(WHAT IS NEEDED) With the images set aside, retype every record below character for character.

(STUDY MATERIAL)
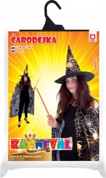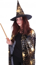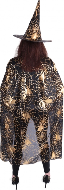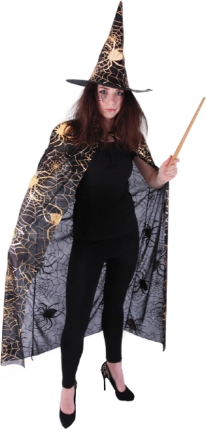Stilski vještičji plašt i šešir s blještavim zlatnim tiskom paučina pretvorit će svaku kostimiranu večer u magičan događaj. Zahvaljujući univerzalnom kroju i laganom materijalu, udobno se nosi i lako kombinira s ostalim dodacima. Idealno za Noć vještica, maskenbal, cosplay i tematska fotografiranja.
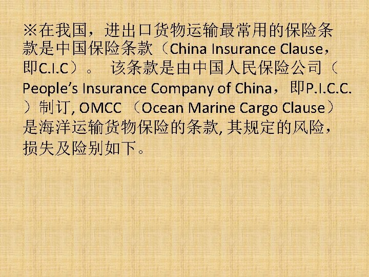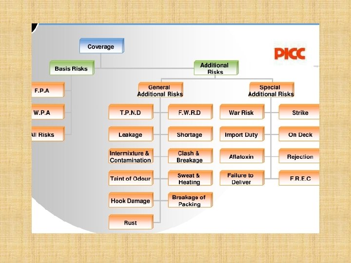 ※We usually insure against All Risks for the invoice value plus 10%. ※We’d rather cover 130% of the invoice value. c. Insurance premium ※We’ve covered insurance with PICC at a premium of 5‰. ※As a rule, the extra premium involved will be for buyer's account. 2. Describe the basic risks and additional risks covered by PICC ※OMCC provides coverage of three basic risks, some additional risks and some special additional risks.
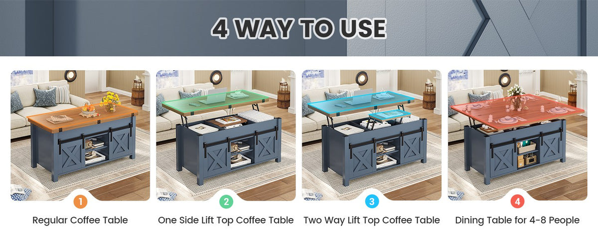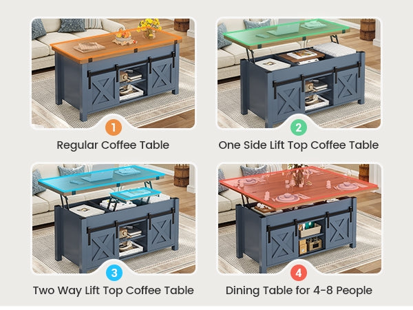 •【4-in-1 Lift Design】Unique lift top coffee table design to meet more needs--when fully unfolded, it becomes a dining or gaming coffee table for 8 people; when half expanded, it becomes a workstation for 2 people to use at the same time without disturbing each other; when lifting top is closed, farmhouse coffee table is suitable for storing sundries.
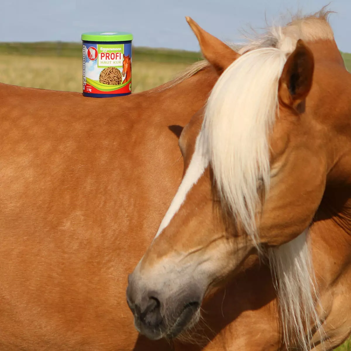 Hochverfügbares Zink als wichtiger Nährstoff für das Immunsystem, unterstützt die regenerativen Kräfte der Haut und mobilisiert die körpereigenen Abwehrkräfte. Kupfer ist für die Bindegewebsbildung unentbehrlich, Selen schützt die Zellmembranen und ist entscheidend für ein starkes Immunsystem. Der zugesetzte Schwarzkümmel fördert die natürlichen Abwehrkräfte, dadurch kann Juckreiz gelindert werden. Bierhefe und B-Vitamine wirken regulierend auf das biologische Gleichgewicht der Darmflora, in Verbindung mit DL-Methionin und Kieselgur runden sie die Rezeptur ab. Unsere Profi Haut Kur fördert den aktiven Stoffwechsel und sorgt für eine intakte Haut und belastbare Hufe. Es kann die Regeneration der Haut bei Pferden, die zu Ekzemen neigen, von innen unterstützen. So können Sie nachhaltig zur Versorgung eines gesunden Haut-, Fell- und Hufwachstum bei Ihrem Pferd beitragen.
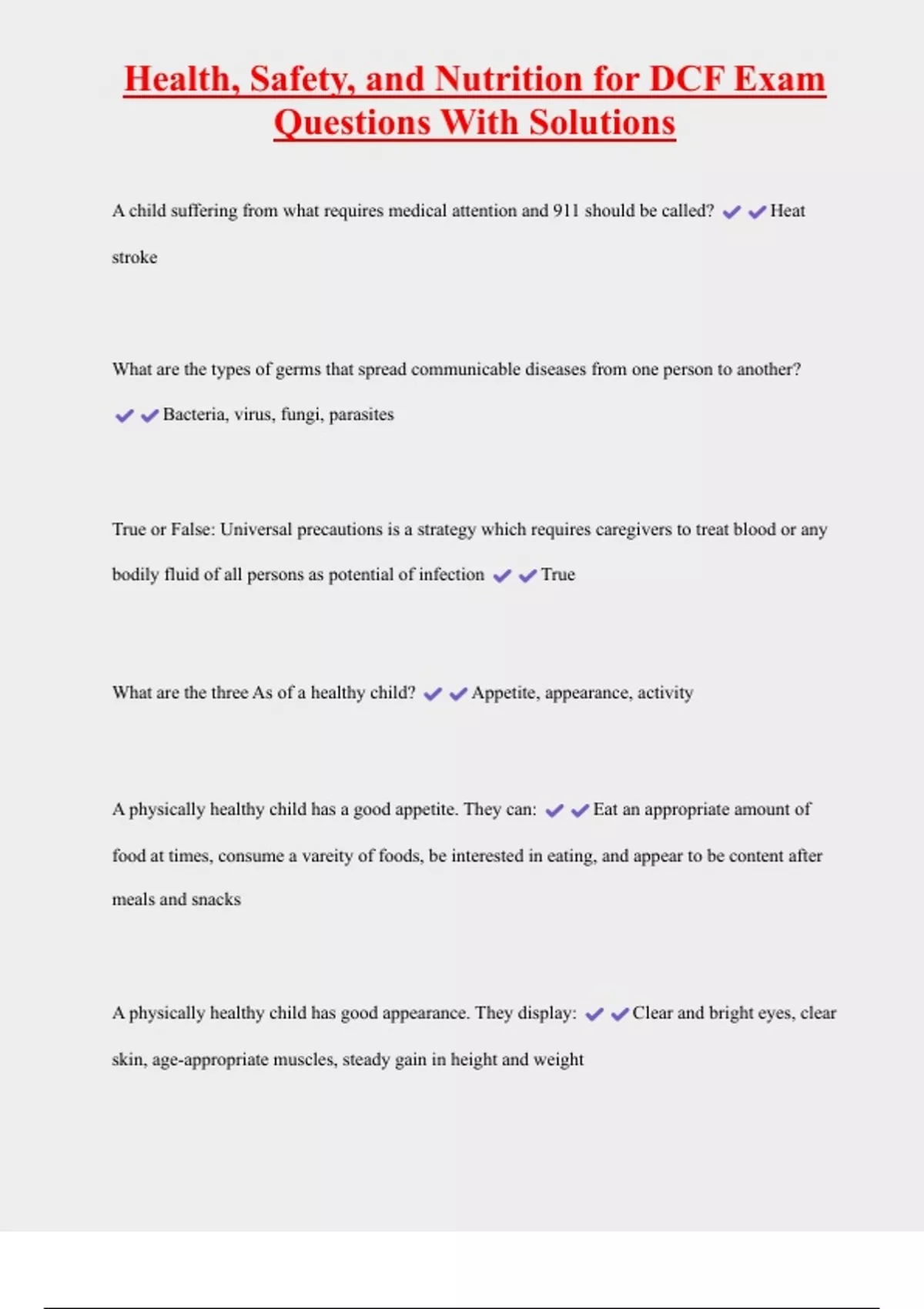 Health, Safety, and Nutrition for DCF Exam Questions With Solutions A child suffering from what requires medical attention and 911 should be called? Heat stroke What are the types of germs that spread communicable diseases from one person to another? Bacteria, virus, fungi, parasites True or False: Universal precautions is a strategy which requires caregivers to treat blood or any bodily fluid of all persons as potential of infection True What are the three As of a healthy child? Appetite, appearance, activity

(YOUR RESPONSE)
Stilski vještičji plašt i šešir s blještavim zlatnim tiskom paučina pretvorit će svaku kostimiranu večer u magičan događaj. Zahvaljujući univerzalnom kroju i laganom materijalu, udobno se nosi i lako kombinira s ostalim dodacima. Idealno za Noć vještica, maskenbal, cosplay i tematska fotografiranja.
 ※We usually insure against All Risks for the invoice value plus 10%. ※We’d rather cover 130% of the invoice value. c. Insurance premium ※We’ve covered insurance with PICC at a premium of 5‰. ※As a rule, the extra premium involved will be for buyer's account. 2. Describe the basic risks and additional risks covered by PICC ※OMCC provides coverage of three basic risks, some additional risks and some special additional risks.
 •【4-in-1 Lift Design】Unique lift top coffee table design to meet more needs--when fully unfolded, it becomes a dining or gaming coffee table for 8 people; when half expanded, it becomes a workstation for 2 people to use at the same time without disturbing each other; when lifting top is closed, farmhouse coffee table is suitable for storing sundries.
 Hochverfügbares Zink als wichtiger Nährstoff für das Immunsystem, unterstützt die regenerativen Kräfte der Haut und mobilisiert die körpereigenen Abwehrkräfte. Kupfer ist für die Bindegewebsbildung unentbehrlich, Selen schützt die Zellmembranen und ist entscheidend für ein starkes Immunsystem. Der zugesetzte Schwarzkümmel fördert die natürlichen Abwehrkräfte, dadurch kann Juckreiz gelindert werden. Bierhefe und B-Vitamine wirken regulierend auf das biologische Gleichgewicht der Darmflora, in Verbindung mit DL-Methionin und Kieselgur runden sie die Rezeptur ab. Unsere Profi Haut Kur fördert den aktiven Stoffwechsel und sorgt für eine intakte Haut und belastbare Hufe. Es kann die Regeneration der Haut bei Pferden, die zu Ekzemen neigen, von innen unterstützen. So können Sie nachhaltig zur Versorgung eines gesunden Haut-, Fell- und Hufwachstum bei Ihrem Pferd beitragen.
 Health, Safety, and Nutrition for DCF Exam Questions With Solutions A child suffering from what requires medical attention and 911 should be called? Heat stroke What are the types of germs that spread communicable diseases from one person to another? Bacteria, virus, fungi, parasites True or False: Universal precautions is a strategy which requires caregivers to treat blood or any bodily fluid of all persons as potential of infection True What are the three As of a healthy child? Appetite, appearance, activity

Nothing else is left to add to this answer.